Re: Mike Tyson, my fallback career, and the things free markets cannot do
Good point, Matt! Okay, I feel better.
Re: Mike Tyson, my fallback career, and the things free markets cannot do
What a grave mistake that would be. At some point I'll post a video titled "Claire's hilarious training mishaps." That should clear up any confusion about the matter.
May '10
Re: Mike Tyson, my fallback career, and the things free markets cannot do
Claire - Let me tell you mt story. When I got into the television production business 30 years ago, I vowed that I would treat my audience with respect. And then I met them...
What was it Mencken said? "Nobody ever went broke underestimating the intelligence of the American public." That's apropos to the rest of the world, too.

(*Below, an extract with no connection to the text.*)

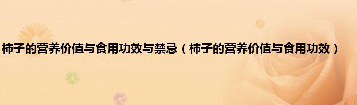 大家好,综合小编来为大家讲解下。柿子的营养价值与食用功效与禁忌,柿子的营养价值与食用功效这个很多人还不知道,现在让我们一起来看看吧!
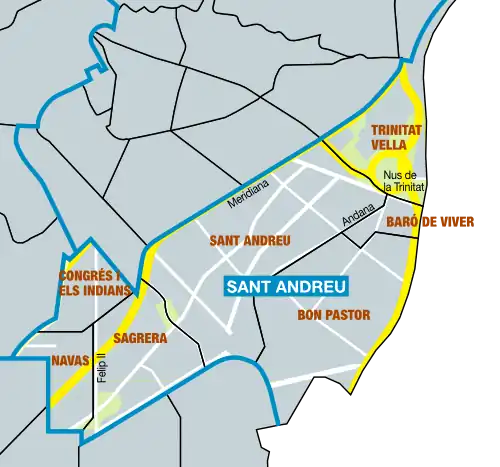 Il est composé des sept quartiers suivants : Trinitat Vella, Baró de Viver, Bon Pastor, Sant Andreu de Palomar, La Sagrera, El Congrés i els Indians et Navas.

To its core the problem is that we are all consumed by the details of day to day living. To provide the diligence that is required to maintain our own political freedom can be overwhelming. We want easy, short attention span amusements to relieve the pressure. And that's how you wake up one morning and find the world has changed for the worse.
May '10
Re: Mike Tyson, my fallback career, and the things free markets cannot do
There are far more snotty writers than people willing to have the snot beat out of them. Pretty women willing to risk broken noses and cheekbones, and travel overseas for the opportunity, are even rarer.
It seems to me the market's in healthy condition, though I would hardly view fewer writers and more attractive fighters as a problem.